SOURCE DATA -
((

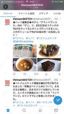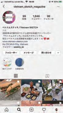 誌面で紹介した特集や新着情報、 コラムなど、全記事をアップ! 在住者・旅行者に分かりやすく 北部、中部、南部と地域ごとに掲載しています。 www.vietnam-sketch.com Website 誌面記事のシェアほか、 タイムリーな最新情報も発信! @vietnam.sketch 毎日更新中! ベトナムの美味しい& 楽しいを写真で紹介! @vietnam_sketch _magazine 友達登録するだけで、 新ネタが手に届く! @ejb7898v 編集部員がつぶやく、 ベトナムの日々。 @vietnamsketch FaceBOOK SKETCH ONLINE MEDIA スケッチ オンラインメディア 各デジタルメディアでも情報を発信中!
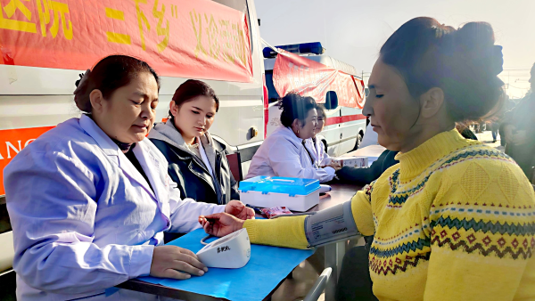 医护人员为群众测量血压,送健康服务。奴日曼古丽摄
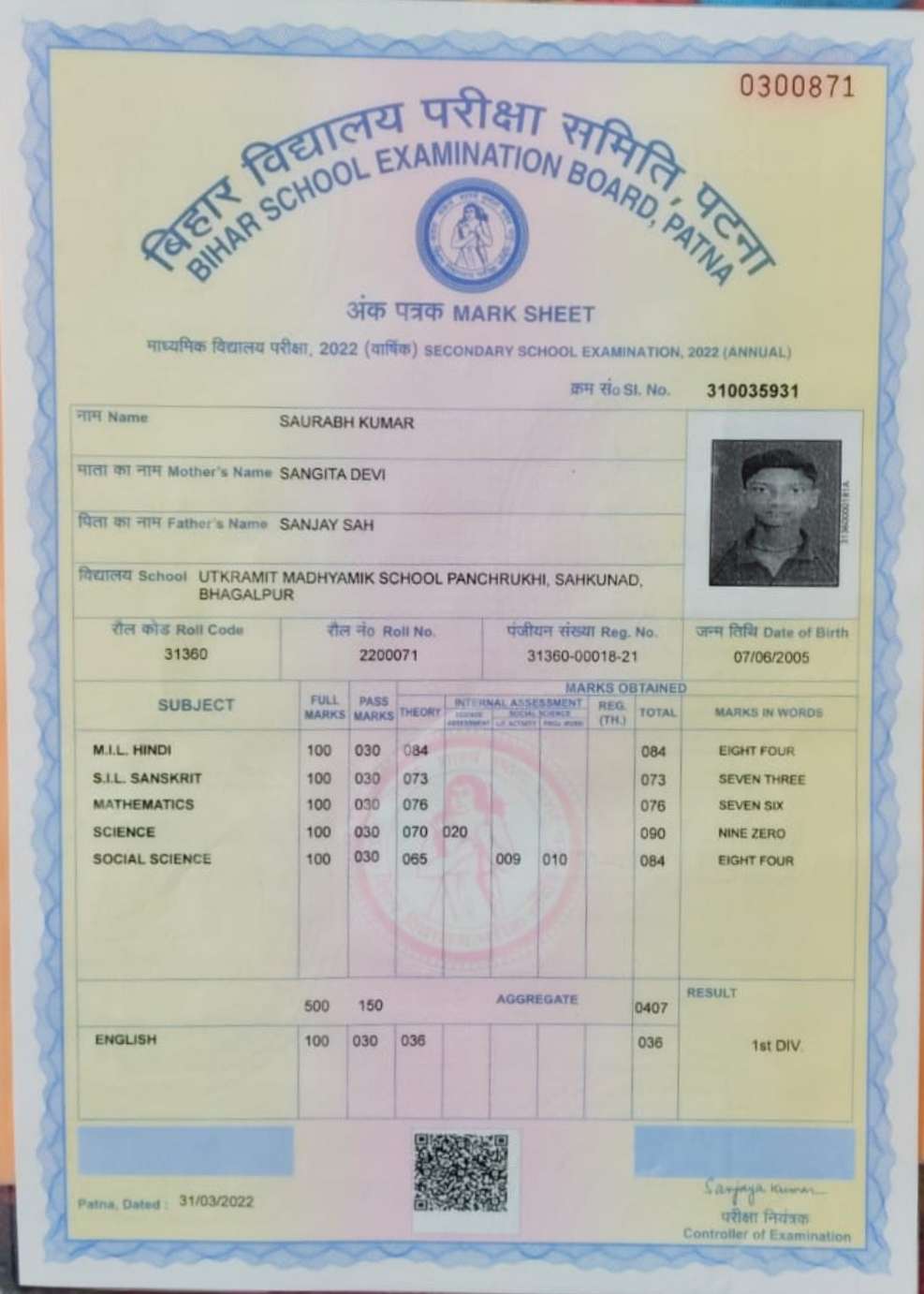 | Grade : A | Percentage : 82.50 % | MS. No. : 40238 | Date of Issue : 15-Sep-2025 |

))

WHAT YOU SHOULD DO - Excluding pictures, reproduce the listing above exactly as it stands.

TASK ANSWER -
 誌面で紹介した特集や新着情報、 コラムなど、全記事をアップ! 在住者・旅行者に分かりやすく 北部、中部、南部と地域ごとに掲載しています。 www.vietnam-sketch.com Website 誌面記事のシェアほか、 タイムリーな最新情報も発信! @vietnam.sketch 毎日更新中! ベトナムの美味しい& 楽しいを写真で紹介! @vietnam_sketch _magazine 友達登録するだけで、 新ネタが手に届く! @ejb7898v 編集部員がつぶやく、 ベトナムの日々。 @vietnamsketch FaceBOOK SKETCH ONLINE MEDIA スケッチ オンラインメディア 各デジタルメディアでも情報を発信中!
 医护人员为群众测量血压,送健康服务。奴日曼古丽摄
 | Grade : A | Percentage : 82.50 % | MS. No. : 40238 | Date of Issue : 15-Sep-2025 |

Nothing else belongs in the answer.